**REQUIREMENT:**
Print the listing below only from the line that has "Ainsi, de dimanche" through the line that has "Product Name - Pink", exactly, and drop any picture.

**DATA SECTION:**
BEGIN
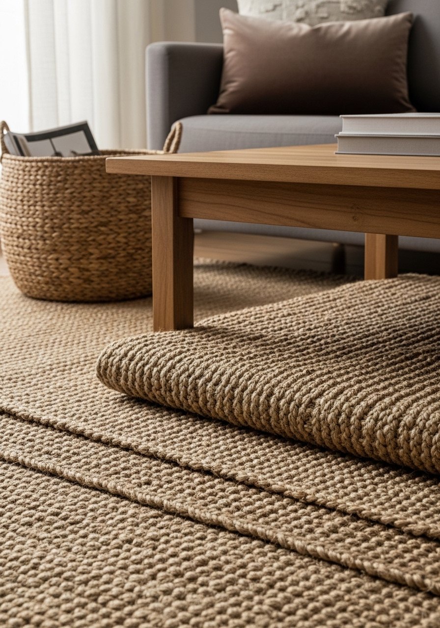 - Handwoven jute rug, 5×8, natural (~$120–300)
END
BEGIN
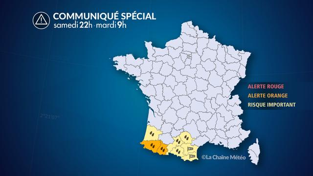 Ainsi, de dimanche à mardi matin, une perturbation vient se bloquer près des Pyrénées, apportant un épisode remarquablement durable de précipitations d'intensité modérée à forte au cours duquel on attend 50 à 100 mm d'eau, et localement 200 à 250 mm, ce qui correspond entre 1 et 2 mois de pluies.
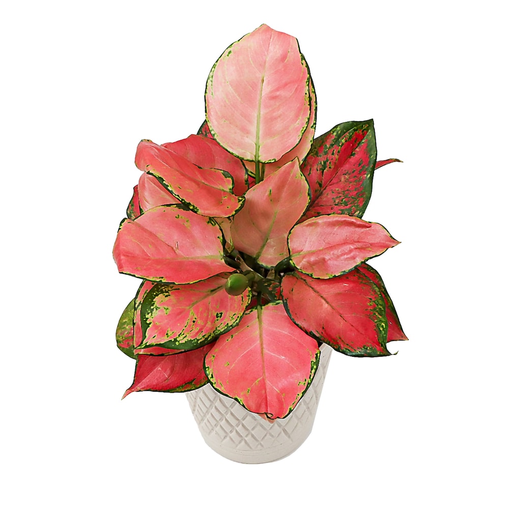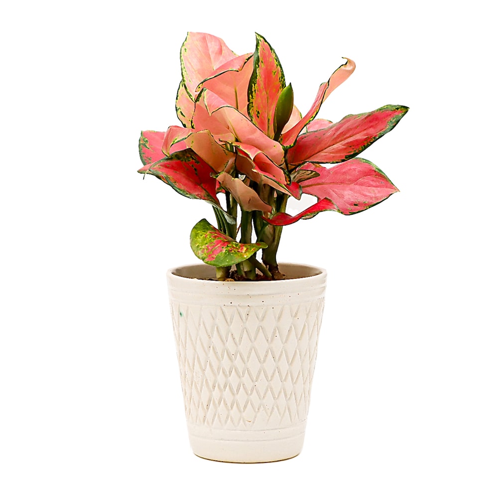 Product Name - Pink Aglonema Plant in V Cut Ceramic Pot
END
BEGIN
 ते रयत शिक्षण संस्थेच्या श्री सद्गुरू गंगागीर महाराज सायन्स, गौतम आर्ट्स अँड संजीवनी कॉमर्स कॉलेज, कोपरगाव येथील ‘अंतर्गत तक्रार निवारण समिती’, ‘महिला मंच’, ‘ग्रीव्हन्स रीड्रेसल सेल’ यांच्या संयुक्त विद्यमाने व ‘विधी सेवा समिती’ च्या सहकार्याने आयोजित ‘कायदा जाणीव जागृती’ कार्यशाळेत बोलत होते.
END
**RESULT OF THIS EXERCISE:**
 Ainsi, de dimanche à mardi matin, une perturbation vient se bloquer près des Pyrénées, apportant un épisode remarquablement durable de précipitations d'intensité modérée à forte au cours duquel on attend 50 à 100 mm d'eau, et localement 200 à 250 mm, ce qui correspond entre 1 et 2 mois de pluies.
 Product Name - Pink Aglonema Plant in V Cut Ceramic Pot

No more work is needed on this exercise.